Teatro Verdi (Padova)
Teatro Verdi (Padova)

Il Teatro Nuovo oggi Teatro Verdi è il principale teatro padovano. L'edificio, commissionato da una società di nobili padovani, venne realizzato dall'architetto padovano Giovanni Gloria su progetto dell'architetto Antonio Cugini di Reggio. Nel 1751 venne inaugurato con un melodramma di Metastasio e fu chiamato "Teatro Nuovo e della Nobiltà". Nel 1847 fu ristrutturato al suo esterno da Antonio Monte su disegno di Giuseppe Jappelli. Nel 1884 fu rimodernato internamente dall'architetto milanese Achille Sfondrini che aveva progettato il Teatro dell'Opera di Roma. La volta, che rappresenta la Danza delle Ore fu dipinta da Pietro Paoletti e rifatta successivamente da Giacomo Casa. L'inaugurazione avvenne l'8 giugno 1884 con l'attuale nome. Le musiche per l'apertura del teatro rimodernato sono dovute al musicista patavino Angelo Tessaro.

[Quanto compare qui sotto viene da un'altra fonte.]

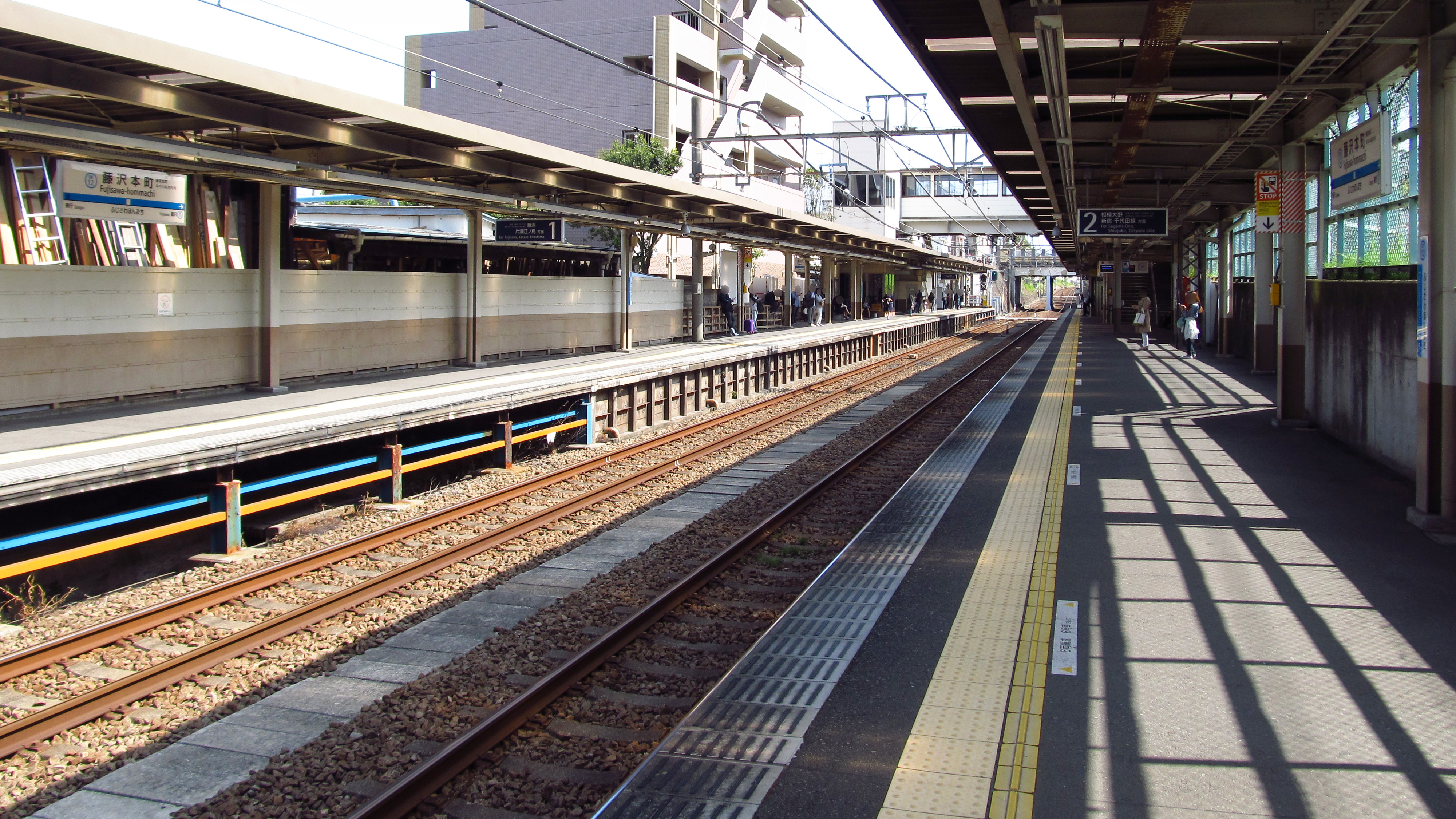 The platforms at Fujisawa-Hommachi Station on the Odakyū Electric Railway Enoshima Line in Fujisawa city, Kanagawa prefecture, Japan

Originariamente il Teatro era affiancato dallo stretto vicolo dei Subiotti; dal 1958 questo assetto venne sconvolto con l'apertura di Corso Milano. Vennero inoltre demolite alcune case addossate all'edificio, rivelando tre grandi finestre ogivali che servivano a dare luce al palcoscenico. Il Verdi è la sede operativa del Teatro Stabile del Veneto e sede del terzo anno dell'Accademia Teatrale "Carlo Goldoni". In passato è stato sede unica dell'Accademia d'Arte drammatica "Palcoscenico". Carmelo Alberti (a cura di), Il Teatro Verdi di Padova 1992-2010. Storia, cronache e immagini (PDF), Venezia, Marsilio, 2010, ISBN 978-88-317-08425. Wikimedia Commons contiene immagini o altri file su Teatro Verdi https://padova.italiani.it/scopricitta/il-teatro-verdi-di-padova-nel-teatro-stabile-del-veneto/ Sito ufficiale, su teatrostabileveneto.it. (EN) Teatro Verdi, su Structurae.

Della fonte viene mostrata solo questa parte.